Celsius Network has made several loan repayments to reduce the threshold at which it would be forcibly liquidated.
The loan paybacks have been witnessed on vault #25977, which is said to belong to the firm. According to DeFi Explore, the company began making a string of repayments starting June 14. The latest, which is also the biggest payment (64 million DAI) since that period, happened just yesterday.
In the past couple of days alone, Celsius repaid some $120 million to Maker, while crypto researcher Plan C also indicated the firm paid a combined $67 million in debt to Aave and Compound on July 2. The vault now has an outstanding loan of over $82 million. Its collateralization ratio has also risen to 577.81 percent, meaning less risk to its lenders.
Celsius Settles Loans, Liquidation Price Drops
With the latest indemnifications, Celsius has now lowered its liquidation price to just $4,967. On June 13, the same day that the firm froze withdrawals, its liquidation price was dangerously close to BTC’s price range of at the time.
Celsius’s efforts to help its case seem to have yielded fruit, considering the firm hired restructuring lawyers and reported working with regulators.

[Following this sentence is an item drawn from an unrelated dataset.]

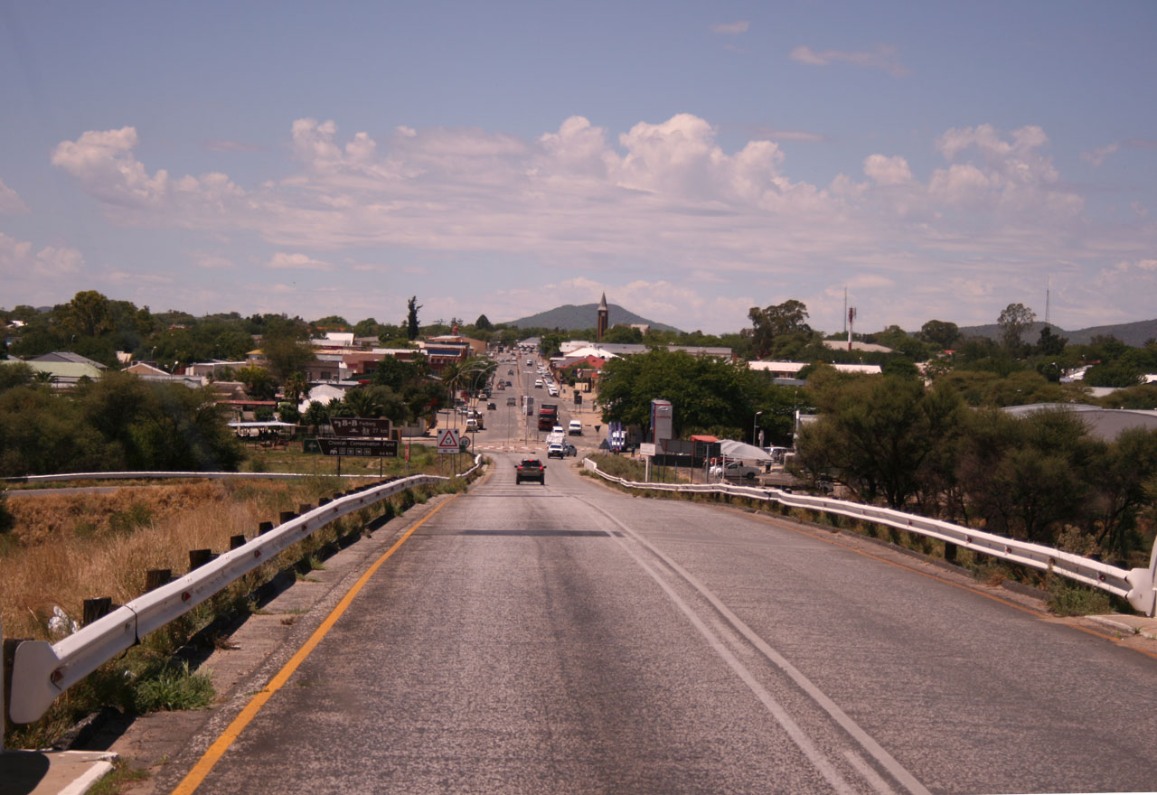 Nach dem Mittagsstopp besuchen wir noch einen Markt, wo es etliche Holzschnitzarbeiten zu sehen und zu kaufen gibt. Die Belagerung der Händler missfällt uns. Wir werden fast schon bedrängt zu kaufen und können gar nicht in Ruhe schauen, um uns für das ein oder andere Souvenir zu entscheiden.Der Kreis schließt sich, als wir Windhoek erreichen und der Bus auf die Independence Avenue einbiegt. Es ist merkwürdig, wir waren doch erst vor 12 Tagen hier und trotzdem erscheint es uns Jahre entfernt. Nun wird uns bewusst, dass die letzte Etappe unserer Reise begonnen hat.Nach Passieren der Stadtgrenze folgt das schlimmste Gerüttel, wir werden in unserem Reisebus hin und her geschleudert - wir befinden uns auf der Zufahrtsstraße zur Onjala Lodge. Nach einigen Asphaltstraßen sind wir das Geschüttel der Schotterpisten gar nicht mehr gewöhnt. Aber dass diese Straße die rustikalste Strecke unserer gesamten Fahrt ist, darüber sind wir uns einig. Nach einer Stunde haben wir es überstanden und werden von der kleinen Rezeptionistin Luzaan in der Onjala Lodge freundlich begrüßt.Das Gepäck wird für uns, wie in fast allen Unterkünften, auf unsere Zimmer gebracht. Wir selbst bekommen ein eisgekühltes feuchtes Tuch und ein Erfrischungsgetränk gereicht und erhalten Informationen über die Lodge und die optionalen Ausflüge, die wir während unseres Aufenthaltes buchen können.Alex sieht, dass wir in guten Händen sind und verabschiedet sich. In Kürze wartet die nächste Gruppe Reisende darauf, mit ihm Namibia zu entdecken und seinen Geschichten zu lauschen. Von der Aussichtsplattform am höchsten Punkt der Onjala Lodge können wir unseren Reisebus davon fahren sehen. Alex hört unsere Rufe und Pfiffe, hält an und winkt uns aus dem Busfenster ein letztes Mal zu, dann verschwindet der Bus, eine Staubwolke hinter sich herziehend, in der Ferne.

This month, other than its loan repayments – amounting to $142.8 million – Celsius has also cut back its workforce by 150 personnel.
Community and CEL React
While its latest actions offset the risk of insolvency, the community wonders whether they mean the firm will reopen withdrawals. The biggest question in the room has been where the company is getting funds to reimburse its lenders. Recall that investors showed no interest in bailing out the company.
The latest repayments have been well-received as is further evidenced in the price of the firm’s native cryptocurrency – CEL, up over 17% in the past 24 hours alone.